E.g., the set_xindex call would look like set_xindex("foo", PandasIndex, scale=np.log). This is similar to a suggestion given here: https://github.com/pydata/xarray/issues/7964#issuecomment-1642062405

This is more general (e.g. you could also do something like np.exp), but you lose the ability to use both nearest and nearest_log at the same time. For my own usages, either choice would be fine

benbovy commented 3 months ago

Yes this would be nice to have this functionality built-in Xarray.

Another option could be to have some TransformIndex meta-index that would basically wrap any Xarray index and apply an (inverse) user-defined transformation on label data before (after) executing the logic in the wrapped index.

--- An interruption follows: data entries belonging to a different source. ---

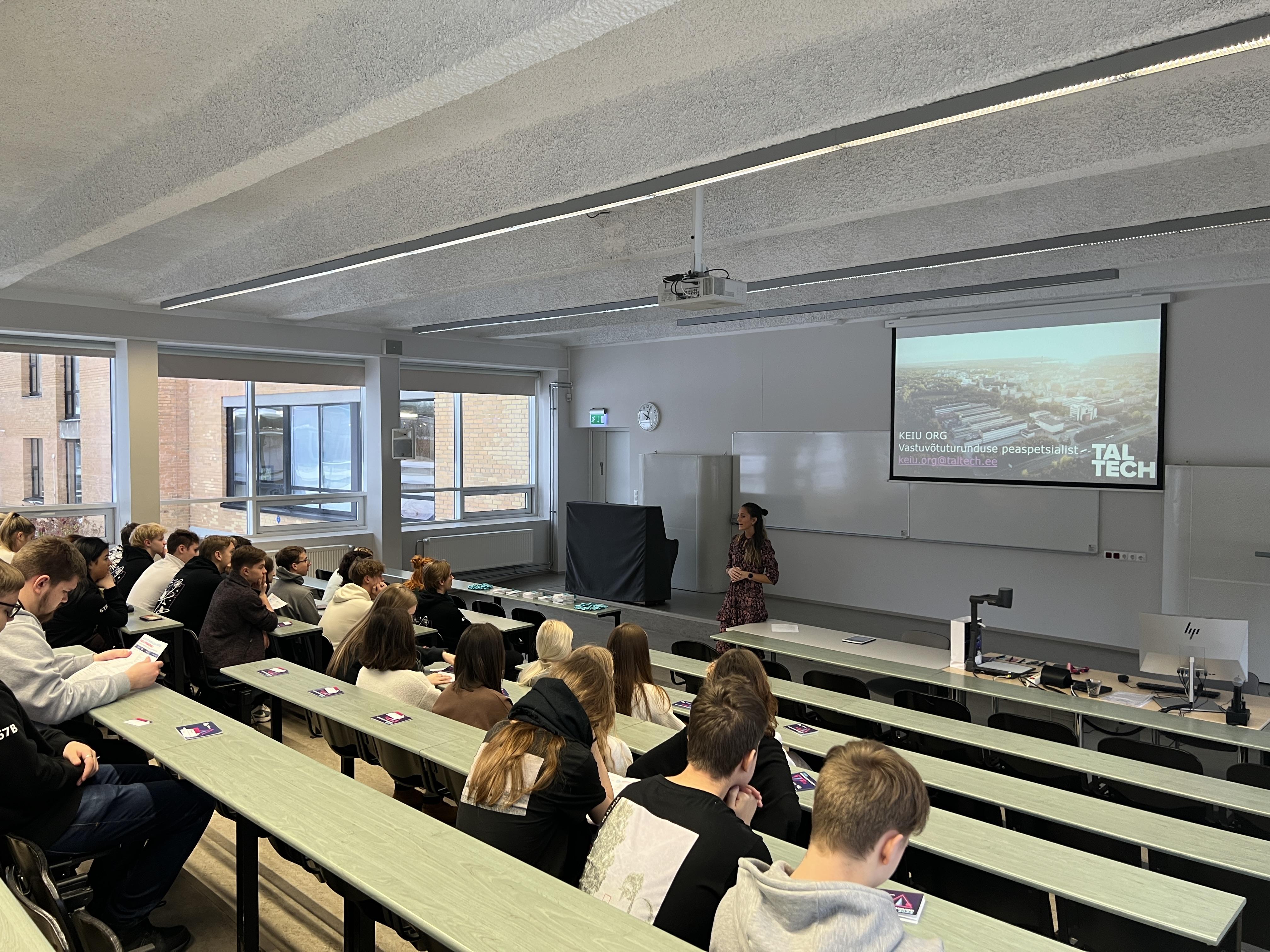 TalTechis koordineeris meie külaskäiku vastuvõtuturunduse spetsialist Keiu Org, kes andis ka põhjaliku ülevaate ülikoolist, õppimisvõimalustest, sisseastumistingimustest ja tudengielust.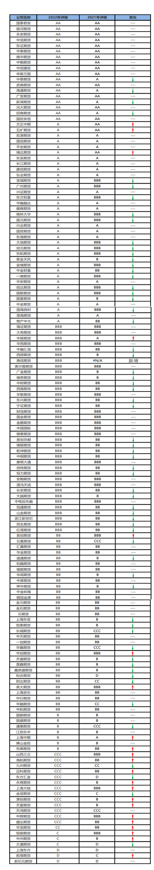 据证监会方面披露,分类评级根据《期货公司分类监管规定》,经期货公司自评、派出机构初审,由证监会有关部门、期货交易所、中国期货市场监控中心、中国期货业协会等单位代表组成的期货公司分类评审委员会复核并审议确定了2022年期货公司分类评价结果。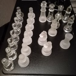 Äldre glaspjäser o varierande skick. Schackspel.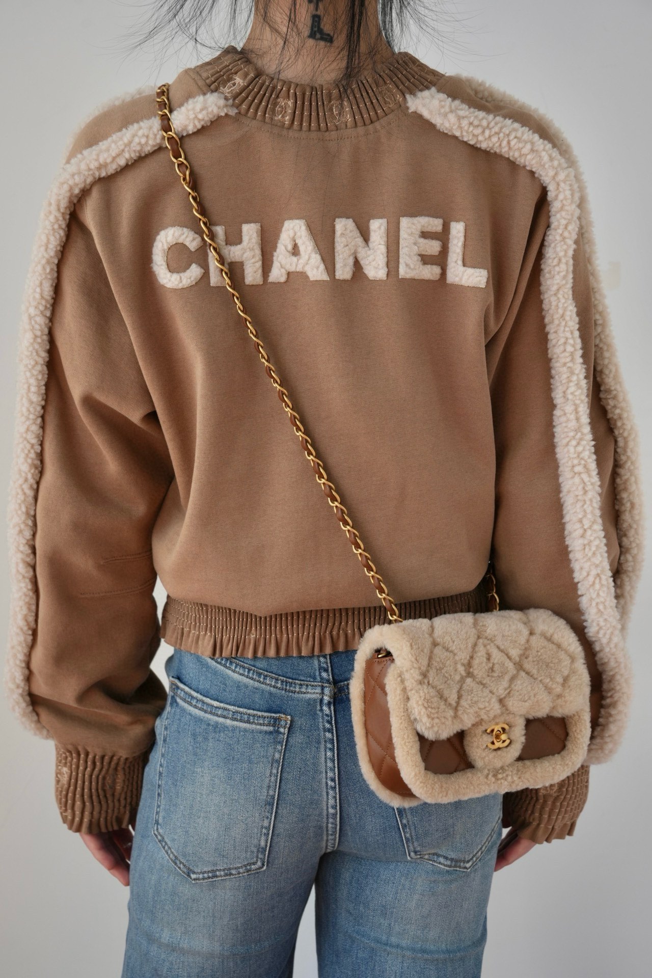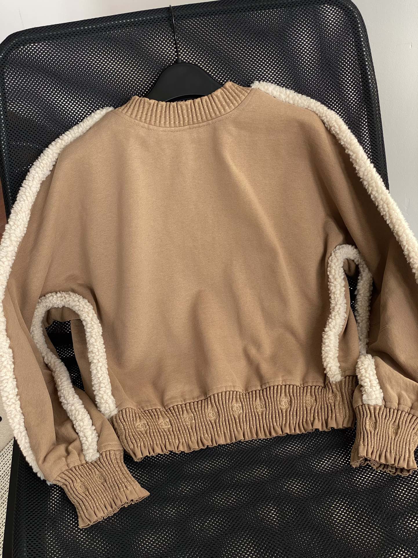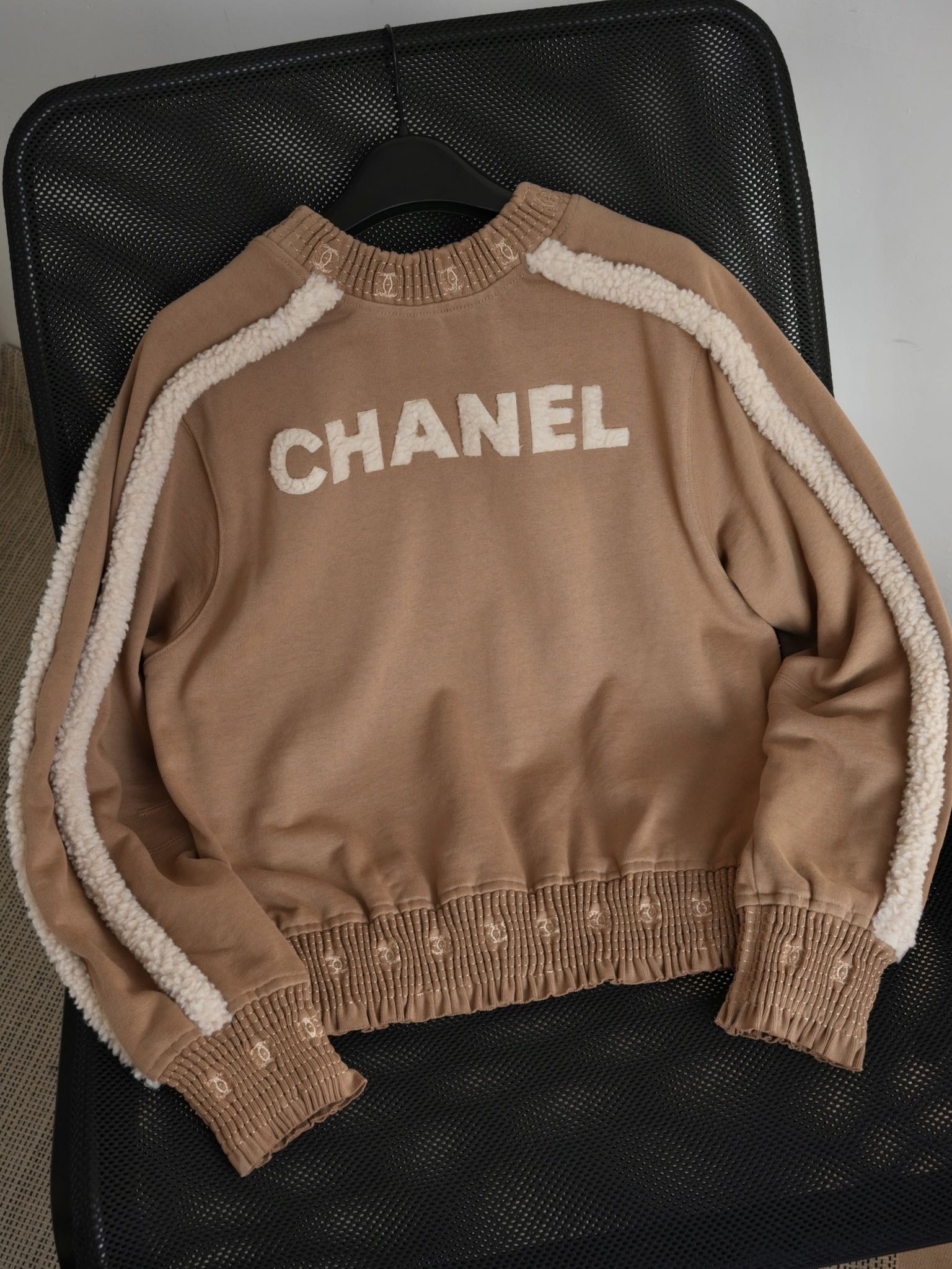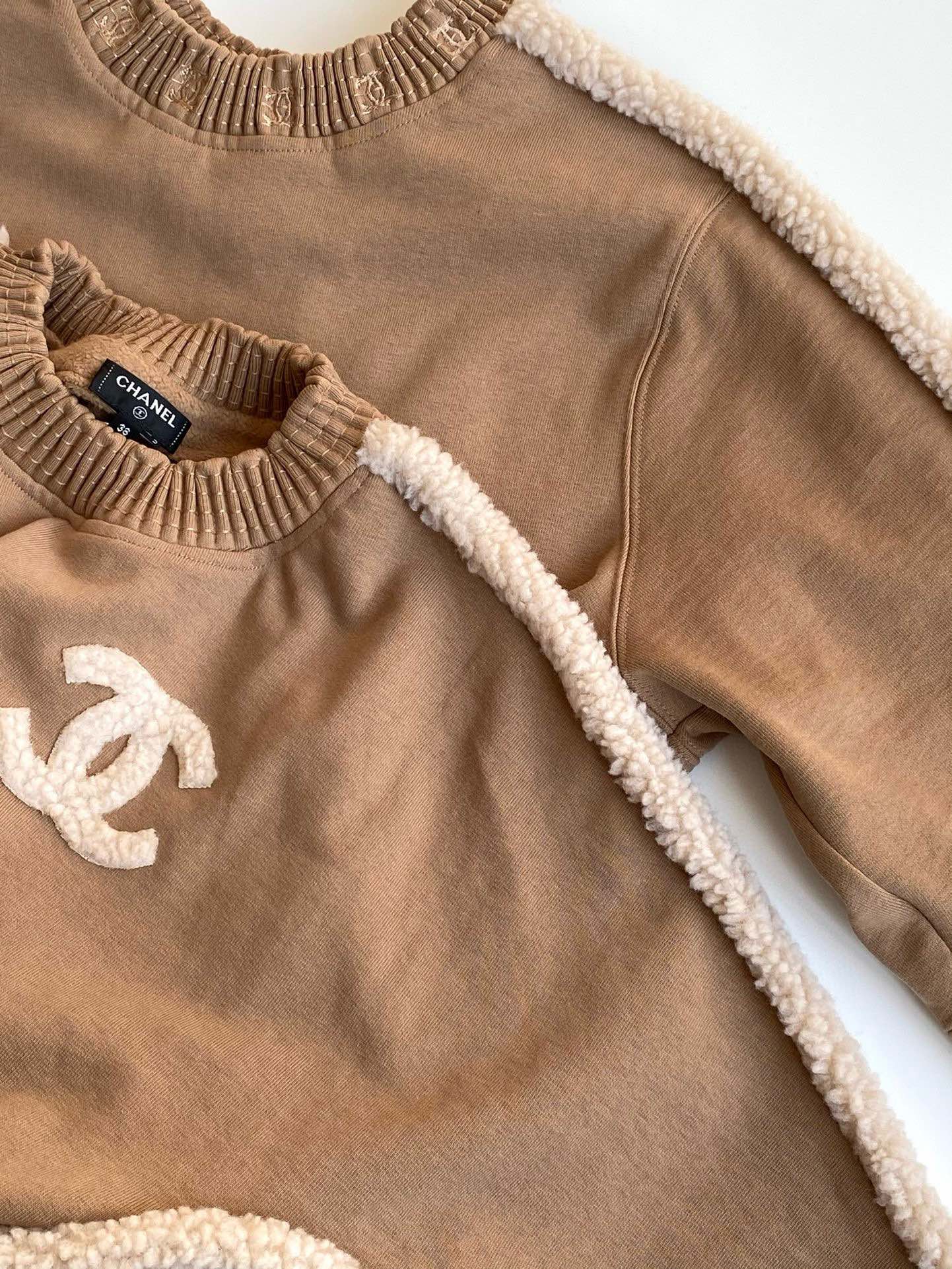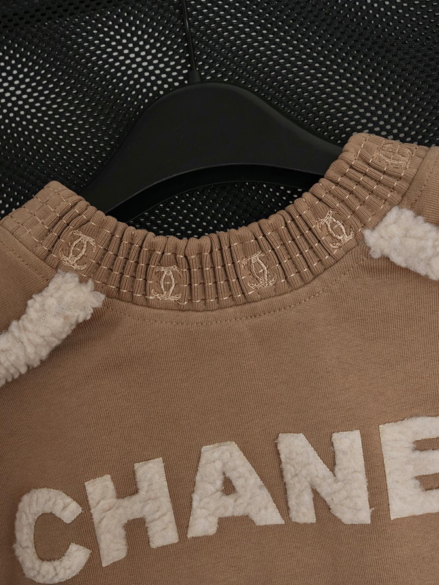 NIGO Chanel Women's Autumn and Winter Solid Color Lamb's Wool Patch Cotton Twill Round Neck Long Sleeve Pullover Sweatshirt #nigo73963

I.e., something very much like the unit-aware PintIndex implemented in https://github.com/xarray-contrib/pint-xarray/pull/163.

This is even more general and could be useful also for indexes implementing alignment with some tolerance (e.g., #4489), although that might seem a little far-fetched.

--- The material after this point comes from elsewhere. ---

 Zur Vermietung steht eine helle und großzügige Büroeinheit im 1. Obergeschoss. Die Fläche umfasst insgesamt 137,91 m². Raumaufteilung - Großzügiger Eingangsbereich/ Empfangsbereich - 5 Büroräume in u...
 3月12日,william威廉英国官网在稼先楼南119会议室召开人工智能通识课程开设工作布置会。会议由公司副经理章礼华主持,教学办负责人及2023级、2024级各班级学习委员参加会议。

you lose the ability to use both nearest and nearest_log at the same time.

It is still possible to duplicate the coordinate so each have an index working on a different scale, e.g., "foo" and "foo_log").

WardBrian commented 3 months ago

I'd be happy to open a PR on either approach if there's a clear favorite

Edit: I may be misunderstanding, but it's not clear to me that a meta-index would work here, since the transformation also needs to be applied to the coordinate inside the index, not just the labels coming in to the sel call.

benbovy commented 3 months ago

Yes you are right, I didn't look carefully enough at your example and top comment.

WardBrian commented 3 months ago

Given that:

  1. Is there still interest in bundling the nearest_log functionality into xarray?
  2. Would it be preferred to be done as part of the implementation of PandasIndex, or as a wrapper class as above?
  3. Would it be preferred to implement this in such a way where the "log" nature is baked in, or would something like the set_xindex("foo", PandasIndex, scale=np.log) be preferred?
benbovy commented 3 months ago

It depends on whether we want to have this feature for free also in all indexes built on top of PandasIndex (most index types I've seen so far are either subclassing or encapsulating PandasIndex) vs. we want to keep PandasIndex as simple as possible (i.e., consistent with pandas and no extra option).

From a broader perspective it seems that the flexible distance / scale discussed here might be useful for both selection and alignment so maybe it is preferable to address it outside of PandasIndex? Something like a NearestIndex class in which we could later implement other "nearest" specific functionality like #4489 and add index options for tolerance, scale transform, etc.

I'm curious what others think, though!